» **Prompt**: Find the line with "304 Stainless Steel" in the records below, then please transcribe it and every later line exactly, omitting the pictures and adding nothing.

» **Source records**:
■ ■ ■ ■

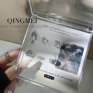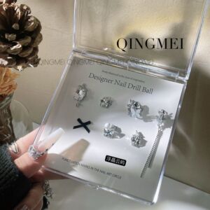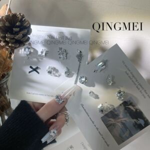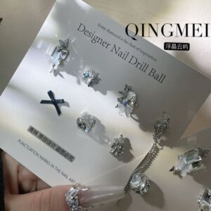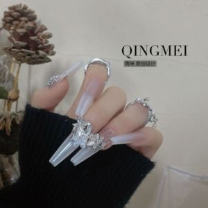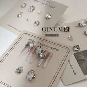 青オリジナル超きらりとした豪華な風高級な純白異性の積み重ねのウェディングドレスの甲とセットの完成品のネイル
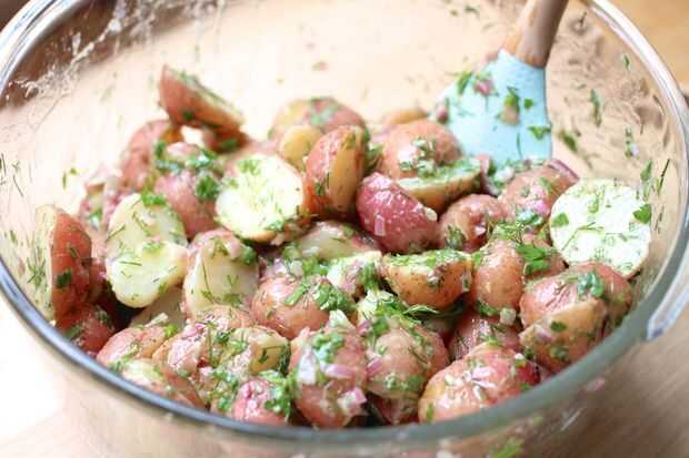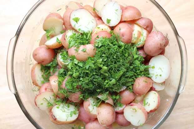 Añadir las patatas en el recipiente en la parte superior del apósito. Picar finamente las hierbas y añadir en la parte superior. Normalmente agrego un crack de pimienta negra en la parte superior también.
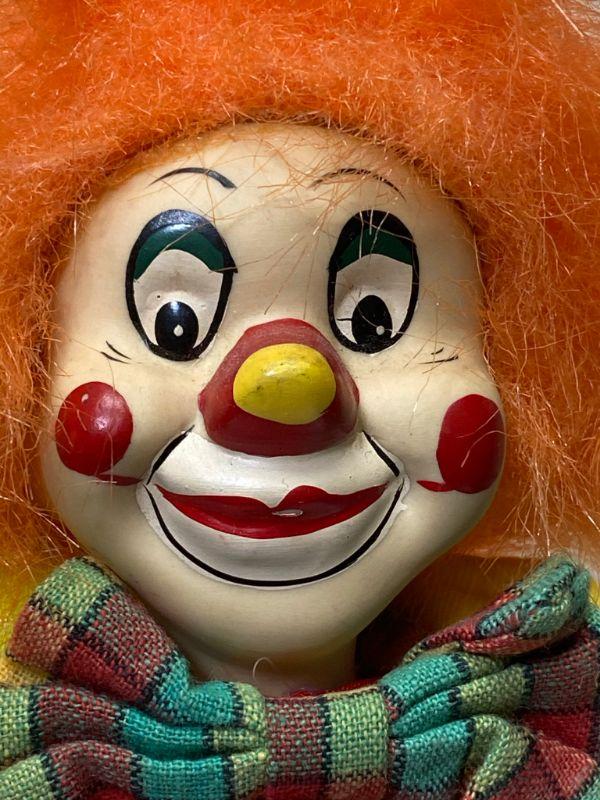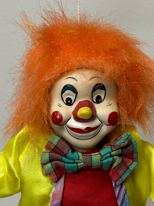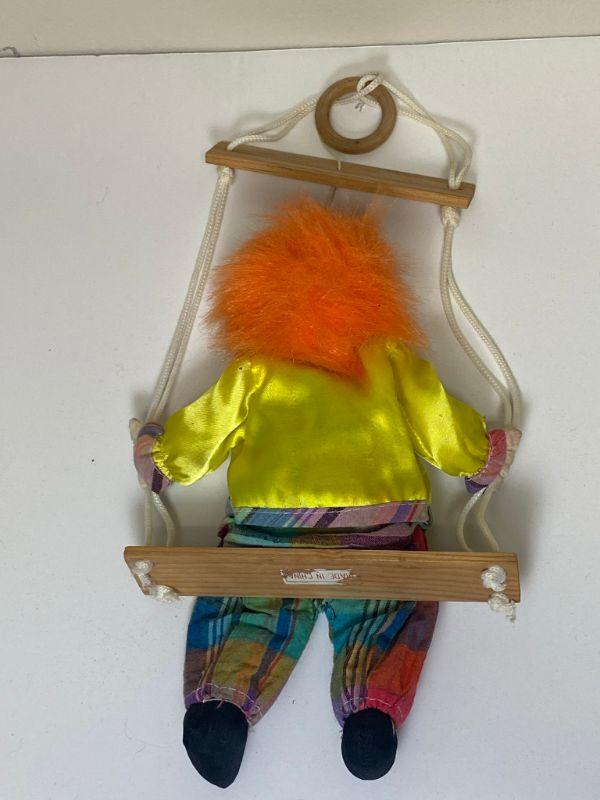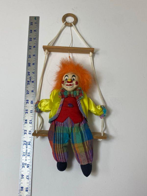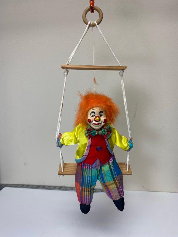 Vintage swinging clown hanging figurine doll. Attached to his swing. Kinda cute, kinda creepy. About 17" length. May be dusty from display.
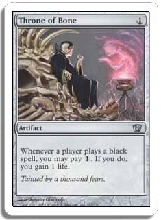 Whenever a player plays a black spell, you may pay 1. If you do, you gain 1 life.
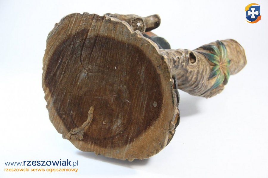 Duża rzeżba ptak Tukan wykonany w drzewie egzotycznym,naturalne kolory ,w pniu jest otwór na ziarno,średnica 60 cm.wys.45.ciężar 5,30 kg.
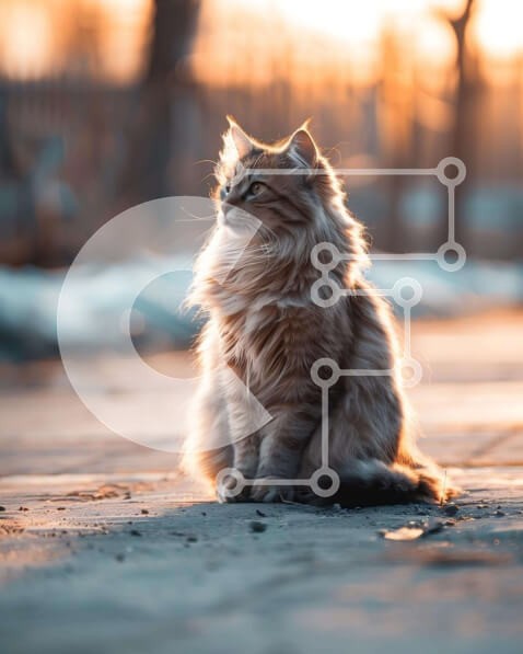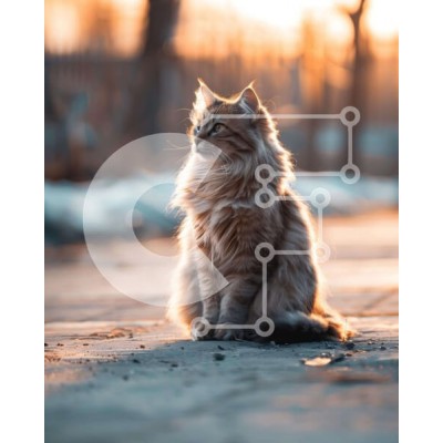 Υπάρχει δυνατότητα προσωποποίησης με δική σας φωτογραφία και προσαρμογής διαστάσεων κατόπιν παραγγελίας. Το συγεκεριμενο Puzzle 10x10 cm – 25 κομμ παρουσιαζει Η εικόνα απεικονίζει μια χνουδωτή, μακρυμάλλη γάτα να κάθεται στο έδαφος και να κοιτάζει το ηλιοβασίλεμα. Είναι πιθανό η γάτα να περιμένει τον ιδιοκτήτη της να γυρίσει σπίτι για να τη χαϊδέψουν ή να την αγκαλιάσουν. Η γάτα μπορεί επίσης να ε
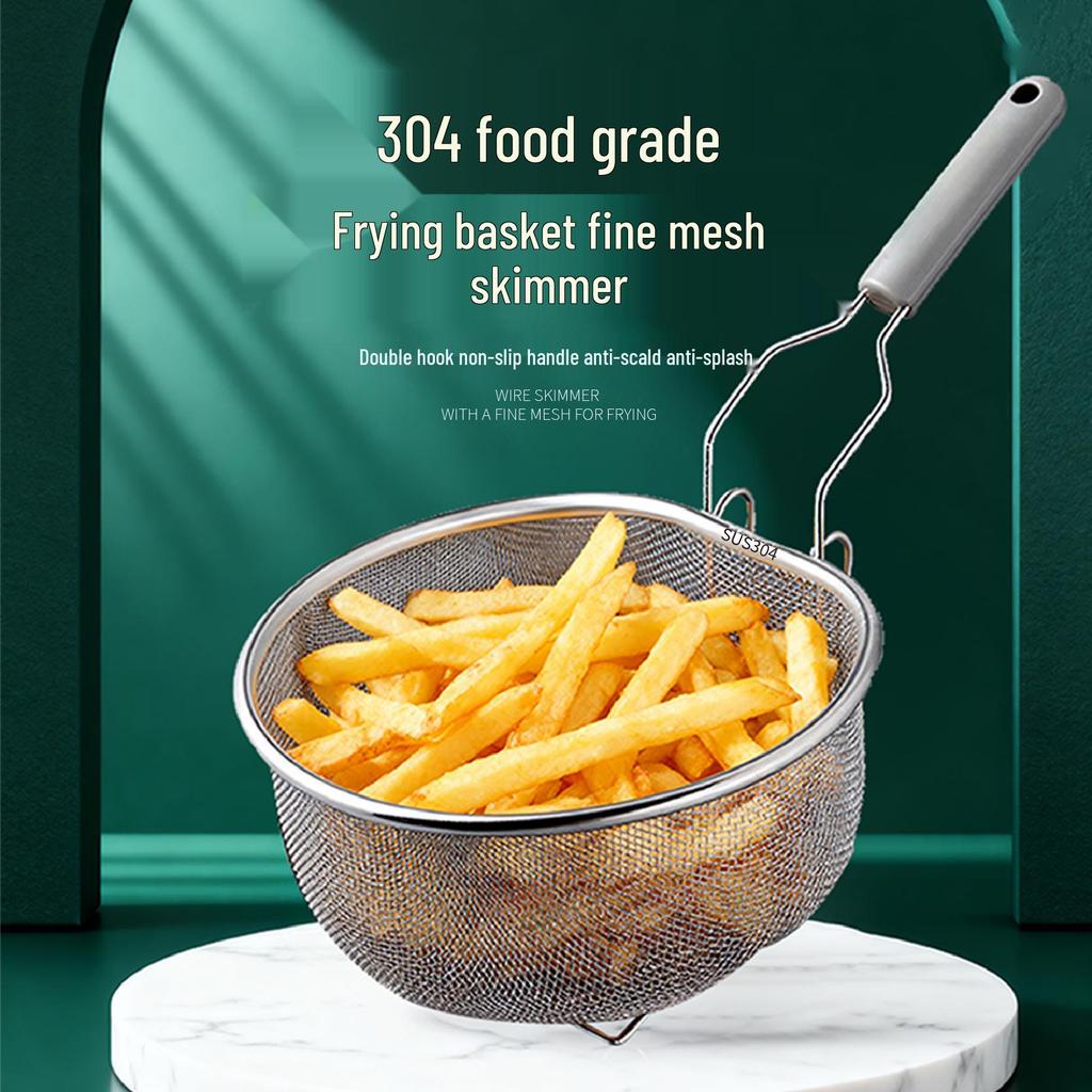 304 Stainless Steel Skimmer Fine Mesh Fryer Basket Oil Strainer Noodle Colander
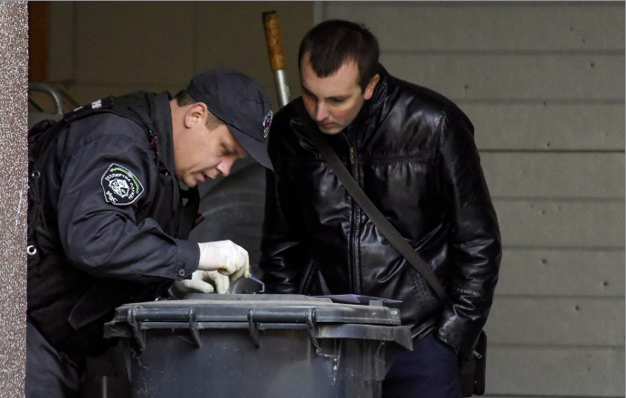 Na zdjęciu: Ukraińskie służby badają miejsce zdarzenia.
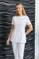 Медицинская женская туника бренда Dr.Nice с короткими рукавами имеет округлый воротник, застёжку-молнию сзади, два накладных кармана спереди и боковые разрезы для свободы движения.
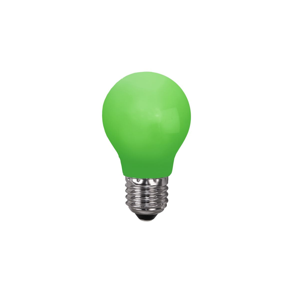 Normallampa i grön färg med E27 sockel. 220-240V. Endast 1W . Passar alldeles utmärkt i ljusslinga för utomhusbruk. Höjd 93mm och diameter 55mm.
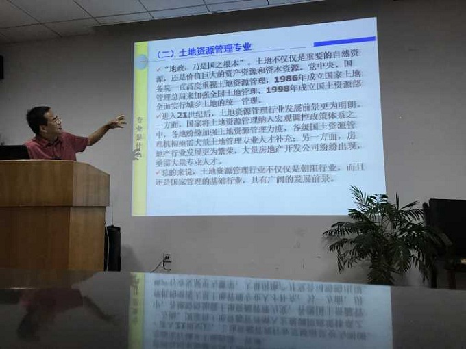 会议室为2017级土地资源管理专业的新生做了专场报告。
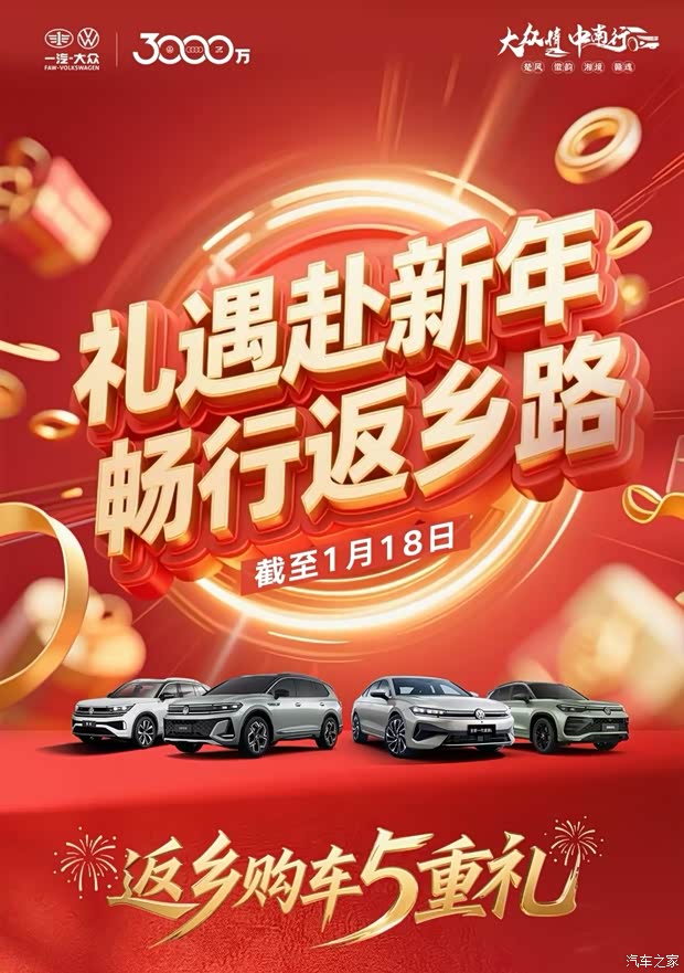年关渐近,开车返乡成为越来越多家庭的出行首选。为满足消费者新春购车需求,一汽-大众重磅推出 “礼遇赴新年 畅行返乡路” 专项购车活动5 重购车好礼及国补厂补双重叠加政策,为用户打造省心省钱的购车体验,活动截止日期为 1 月 18 日。
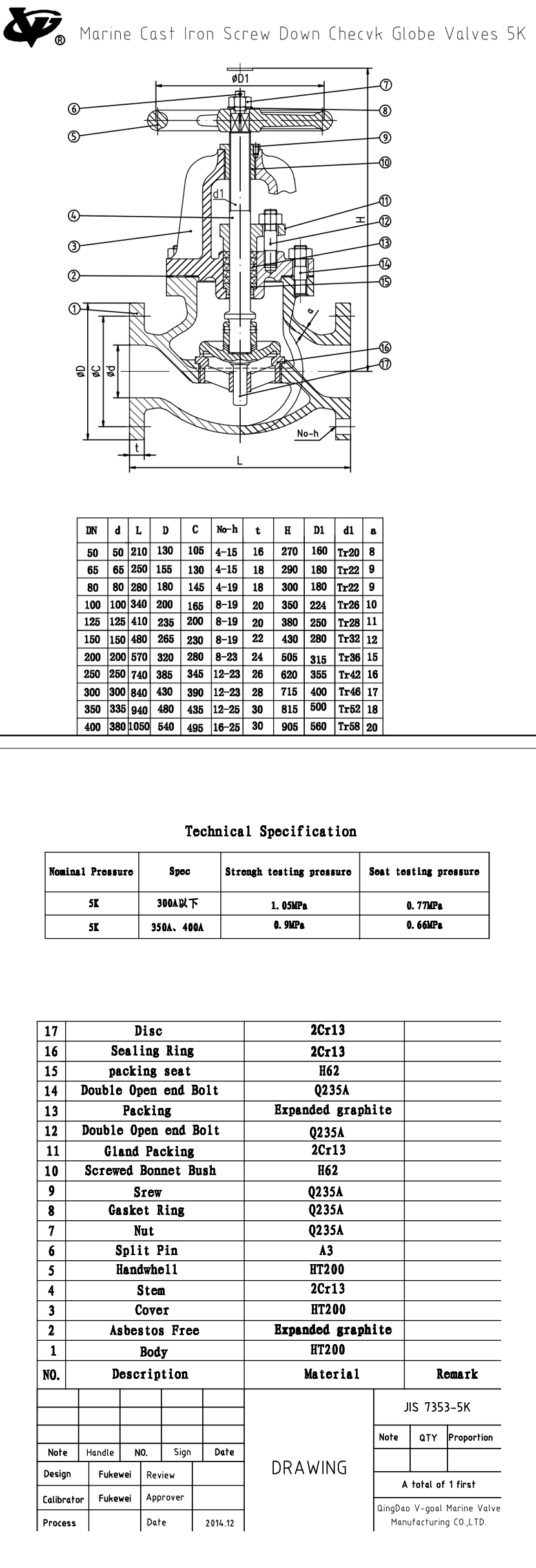 殼體測試壓力: 1.05MPa 密封測試壓力: 0.77MPa
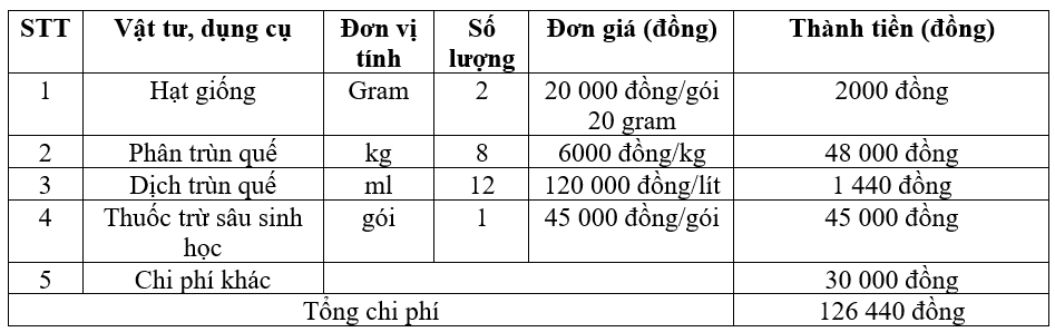 Để trồng và chăm sóc 10 m2 cây cải xanh trong thùng xốp cần: 2 gram hạt giống, 8 kg phân trùn quế, phun dịch trùn quế cho rau 4 lần mỗi lần 3 ml, 1 gói thuốc trừ sâu sinh học để phòng trừ sâu bệnh, chi phí khác là 30 000 đồng. Biết: giá hạt giống cải xanh là 20000 đồng/gói 20 gram, giá phân trùn quế là 6 000 đồng/kg, giá dịch trùn quế là 120 000 đồng/lít, giá thuốc trừ sâu sinh học là 45 000 đồng /gói.
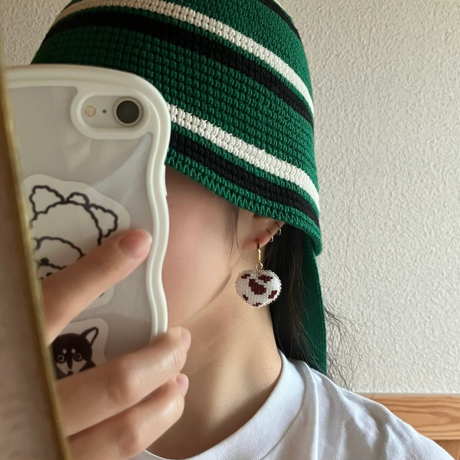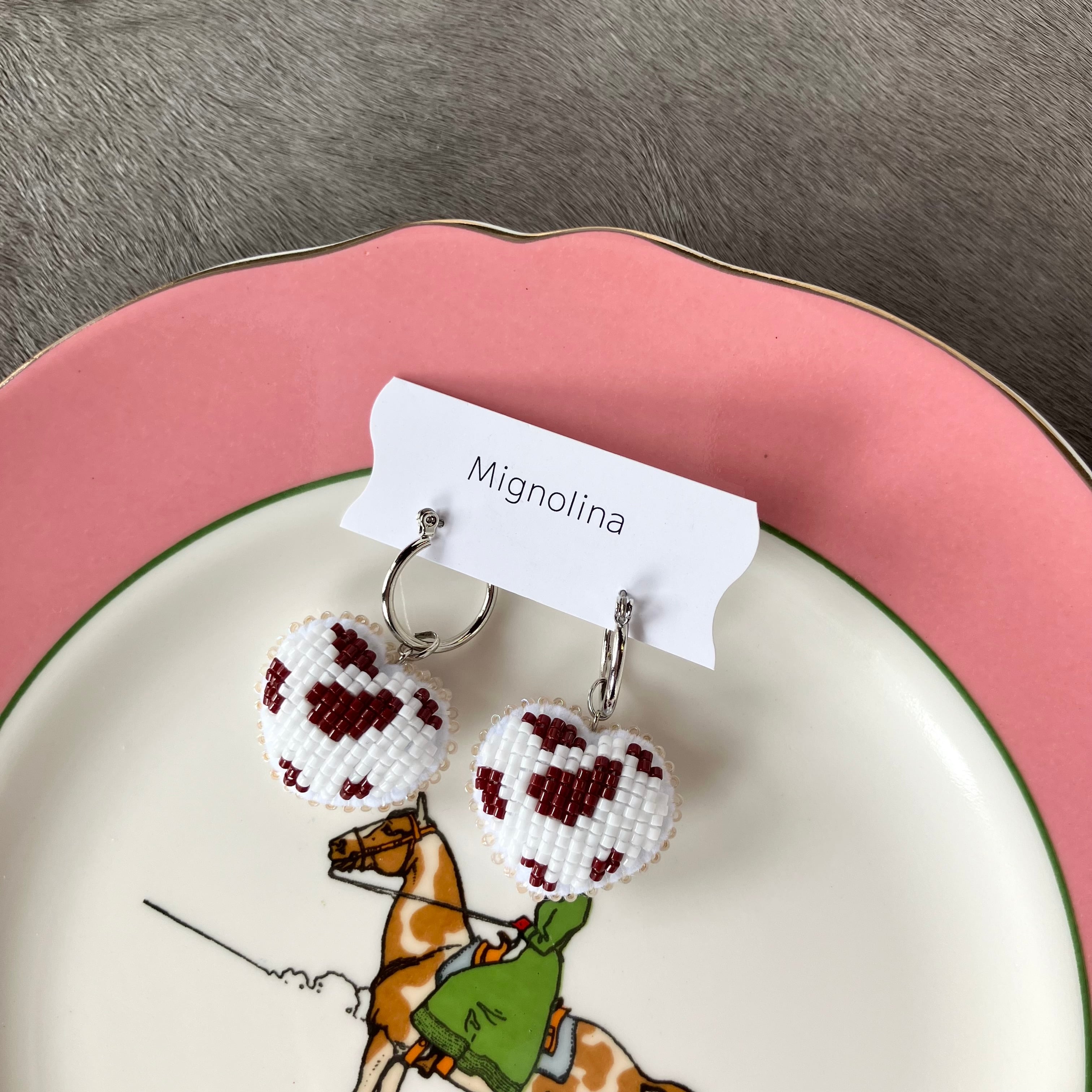 牛さん模様のハートの耳飾り

■ ■ ■ ■

» **Answer section**:
 304 Stainless Steel Skimmer Fine Mesh Fryer Basket Oil Strainer Noodle Colander
 Na zdjęciu: Ukraińskie służby badają miejsce zdarzenia.
 Медицинская женская туника бренда Dr.Nice с короткими рукавами имеет округлый воротник, застёжку-молнию сзади, два накладных кармана спереди и боковые разрезы для свободы движения.
 Normallampa i grön färg med E27 sockel. 220-240V. Endast 1W . Passar alldeles utmärkt i ljusslinga för utomhusbruk. Höjd 93mm och diameter 55mm.
 会议室为2017级土地资源管理专业的新生做了专场报告。
年关渐近,开车返乡成为越来越多家庭的出行首选。为满足消费者新春购车需求,一汽-大众重磅推出 “礼遇赴新年 畅行返乡路” 专项购车活动5 重购车好礼及国补厂补双重叠加政策,为用户打造省心省钱的购车体验,活动截止日期为 1 月 18 日。
 殼體測試壓力: 1.05MPa 密封測試壓力: 0.77MPa
 Để trồng và chăm sóc 10 m2 cây cải xanh trong thùng xốp cần: 2 gram hạt giống, 8 kg phân trùn quế, phun dịch trùn quế cho rau 4 lần mỗi lần 3 ml, 1 gói thuốc trừ sâu sinh học để phòng trừ sâu bệnh, chi phí khác là 30 000 đồng. Biết: giá hạt giống cải xanh là 20000 đồng/gói 20 gram, giá phân trùn quế là 6 000 đồng/kg, giá dịch trùn quế là 120 000 đồng/lít, giá thuốc trừ sâu sinh học là 45 000 đồng /gói.
 牛さん模様のハートの耳飾り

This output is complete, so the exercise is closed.